Meredith only giggled—again—and then, contrite, tried to stop himself, pressing his hands over his mouth, to no avail.

“Do you know,” David went on, “I don’t think he even knows your first name?” That, too, might have been cruel, but he was in no mood for gentleness.

That did the trick, though Meredith looked more shocked than anything. “Oh! But of course he does. He must.”

“Must he? I haven’t heard him say it once.”

“But how?”

“You’re the one asking? I should think it would’ve come up when the two of you—” David grimaced and let the sentence end there. “It’s not as if you help matters. You don’t introduce yourself properly.”

#20: He never introduces himself properly.

David hadn’t learned Meredith’s first name for over a month when he’d moved in. True, perhaps a portion of the blame could be laid at the feet of Mr. Bednarek, who was in the habit of addressing him only by nickname, even when making introductions to new tenants.

And this, he’d say with a sweeping gesture, is our Schwarzy, in much the same way one might say, And this is the kitchen garden.

And Meredith never elaborated, just invariably grinned his foolish grin and gave a wave and said, Yeah. Hi.

“Anyway,” said David, “it doesn’t matter now. The damage is done.”

“But I really did tell him,” said Meredith in distress. “I told him the same way I always do: I’m not in love with you, I’ve got no plans to—”

“Yes, yes, I know,” David interrupted. He’d heard it more times than he could count and was in no mood to do so again now.

Meredith reached out and caught him by the elbow. “I’m sorry, David.”

“I know. I know you are.”

He always was, not that it made things any better.

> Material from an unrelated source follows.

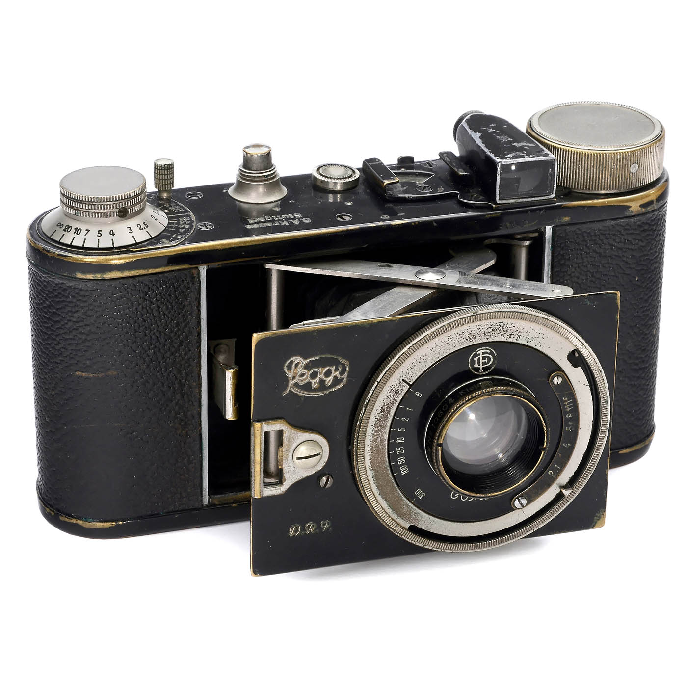 G.A. Krauss, Stuttgart. Peggy Norm, no. B 103/4, 35mm strut camera, with very rare lens "Kleinbild-Plasmat Dr. P. Rudolph DRP 1931 2,7/5 cm sechslinsig No. 10604" (see https://zeissikonveb.de/start/ objektive/wechselobjektive1950er/meyer-optik%20g%C3 %B6rlitz.html). Glass clean, Compur shutter 1–1/300 sec., works. With one original film spool and case. Unusual technique: release button behind the shutter and the shutter tensioned, when camera is stored. Produced for only one year. – The rarest Peggy camera! And in working condition!
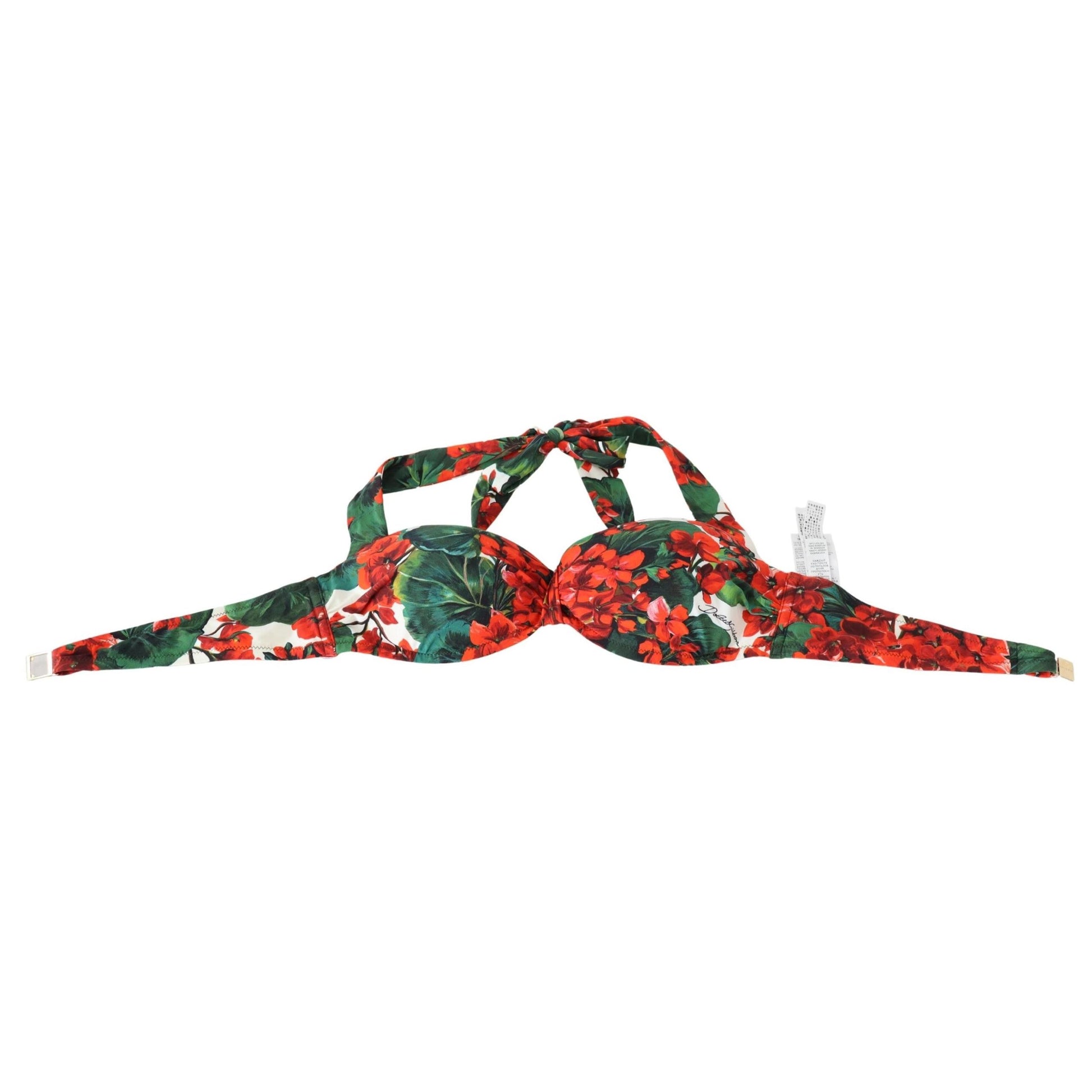 Gorgeous brand new with tags, 100% Authentic Dolce & Gabbana bikini top with floral print made of lightweight elastic material. Fastened at the back with a decorative logo-embossed closure, tie fastening at the neck.

To David’s surprise, as they came around the next bend in the path, daylight shone through the edge of the Wood quite close by. In just a few moments more, they emerged in Mrs. Jupiter’s back garden next to the henhouse.

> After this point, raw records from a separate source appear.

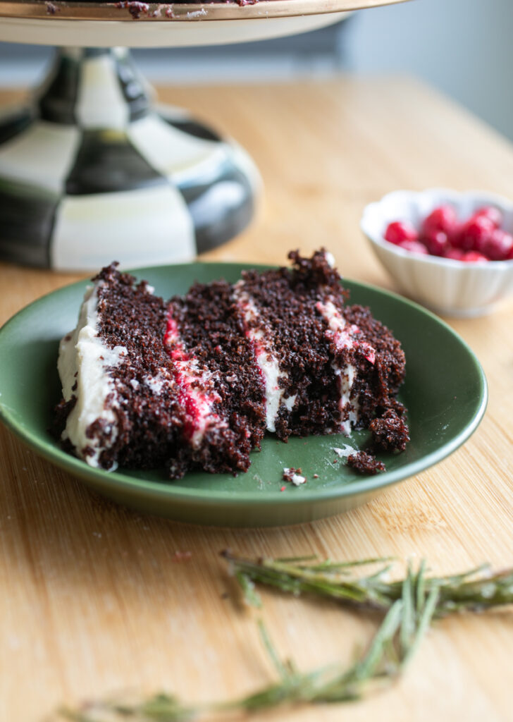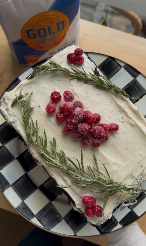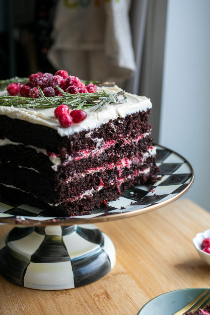 - Cut the chilled cake into fourths. Place one rectangle of cake on a cake stand and top with 1/4 of the frosting, then 1/3 of the cranberry compote. Repeat with the remaining cake layers, frosting and compote, ending with a layer of frosting. Top with sugared cranberries and rosemary, if desired.
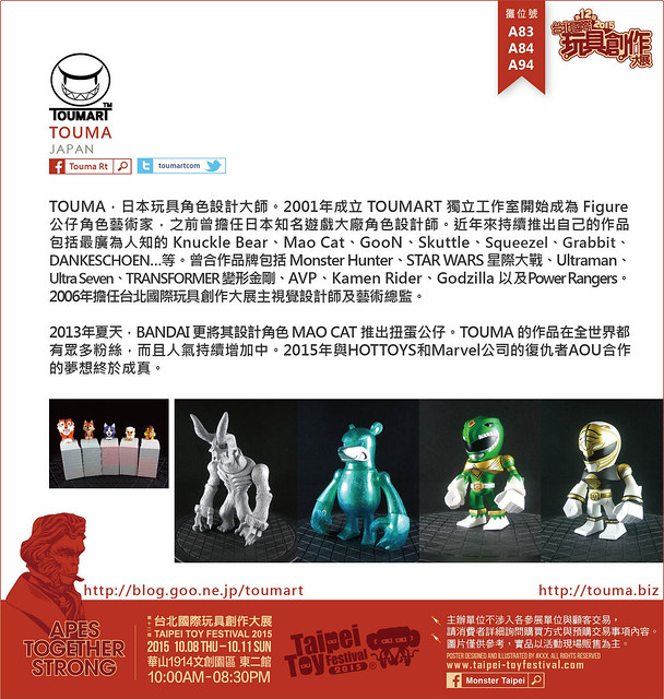 TOUMA,日本玩具角色設計大師。2001年成立TOUMART獨立工作室開始成為Figure公仔角色藝術家,之前曾擔任日本知名遊戲大廠角色設計師。近年來持續推出自己的作品包括最廣為人知的Knuckle Bear、Mao Cat、GooN、Skuttle、Squeezel、Grabbit、DANKESCHOEN…等。曾合作品牌包括MONSTER HUNTER、STAR WARS星際大戰、ULTRAMAN、ULTRA SEVEN、TRANS FORMER變形金剛、AVP、Kamen Rider、 GODZILLA以及POWER RANGERS。2006年擔任台北國際玩具創作大展主視覺設計師及藝術總監。
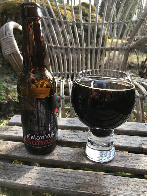 Tallinnalaisen Kalamaja Pruulikodan ruskeanmusta olut kerää ohutta kermaista vaahtoa lasin...
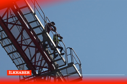 Kahramanmaraş'ta işçiler maaş alamadıkları için kule vincin tepesine çıktı
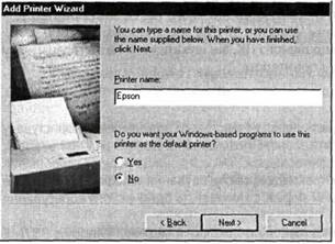 · Наступне вікно (мал.2) містить поле Printer name (Имя принтера), в якому потрібно вказати ім'я мережевого принтера, яке використовуватиметься лише даним ПК. Потрібно також вказати чи використовуватиметься цей мережевий принтер для прикладних програм, як принтер за замовчуванням – кнопка Yes (Да) . Після цього потрібно натиснути кнопку Next (Далее) ;
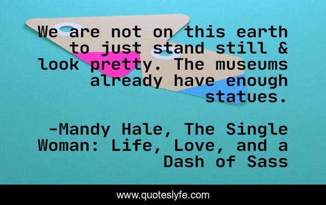 This page presents the quote "We are not on this earth to just stand still & look pretty. The museums already have enough statues.". Author of this quote is Mandy Hale, The Single Woman: Life, Love, and a Dash of Sass. This quote is about life, statues, destiny, greater-calling, helping-people, making-a-difference, purpose-of-life, positive-thinking, museums,.
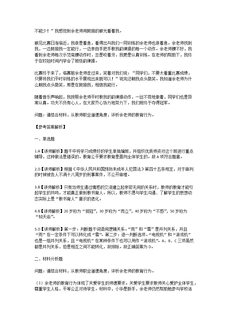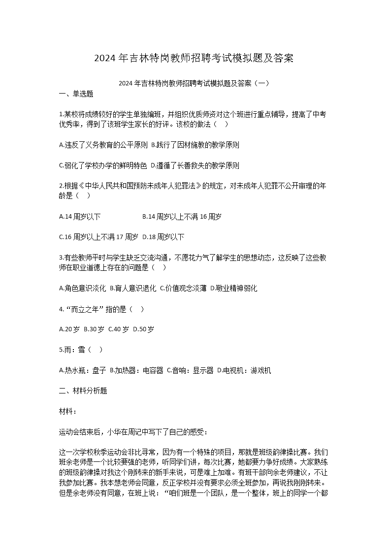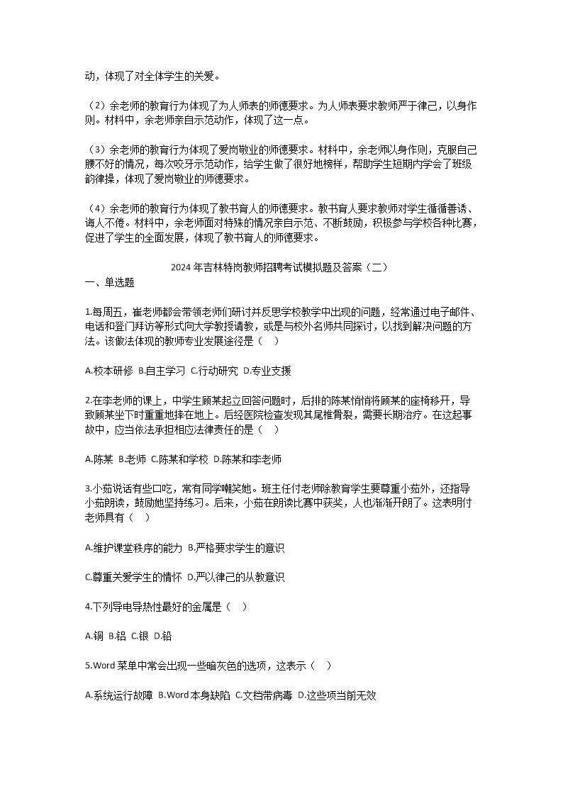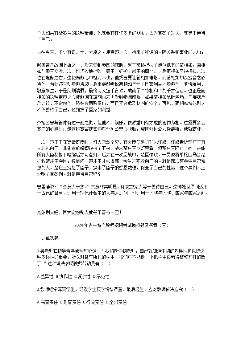 2024年吉林特岗教师招聘考试模拟题及答案(Word版)10-20

Meredith strode up to the open kitchen window and rapped lightly on the sill. “Mrs. J?”

He collected the bloodroot from David, and handed it over along with his own supply of slattern’s comb when Mrs. Jupiter appeared in the window.

“I do appreciate this,” said Mrs. Jupiter, returning Meredith’s overfull shopping basket to him. “The two of you must drop by for tea soon, but for the moment, I had best see to finishing this potion.”

With that, she vanished from view, and David and Meredith started up the hill toward Midnight Cottage.

“I really am sorry about Brian,” said Meredith. “I didn’t mean to make any trouble for you.”

David’s first instinct was to point out that it was much too late for that, but he relented. “Well, never mind. I’ll go and see if I can’t calm him down. You make yourself scarce for a bit.” He doubted Brian would change his mind, but they might at least part ways amicably.

“Here, I’ll take this down to Bednarek.” Meredith took the bag of coffee and handed his basket over to David.

He started away, turned back after a single step, and threw an arm over David’s shoulders as he leaned in to grab a poppy seed roll from the basket, ignoring his aggrieved sigh. “Say goodbye, Bianca.”

Bianca, of course, did no such thing.

“See you in a bit!” Meredith raised his roll in a mock toast and sauntered off with his little dog in tow, leaving David feeling once again as though he’d just weathered a bewildering and infuriatingly good-natured hurricane.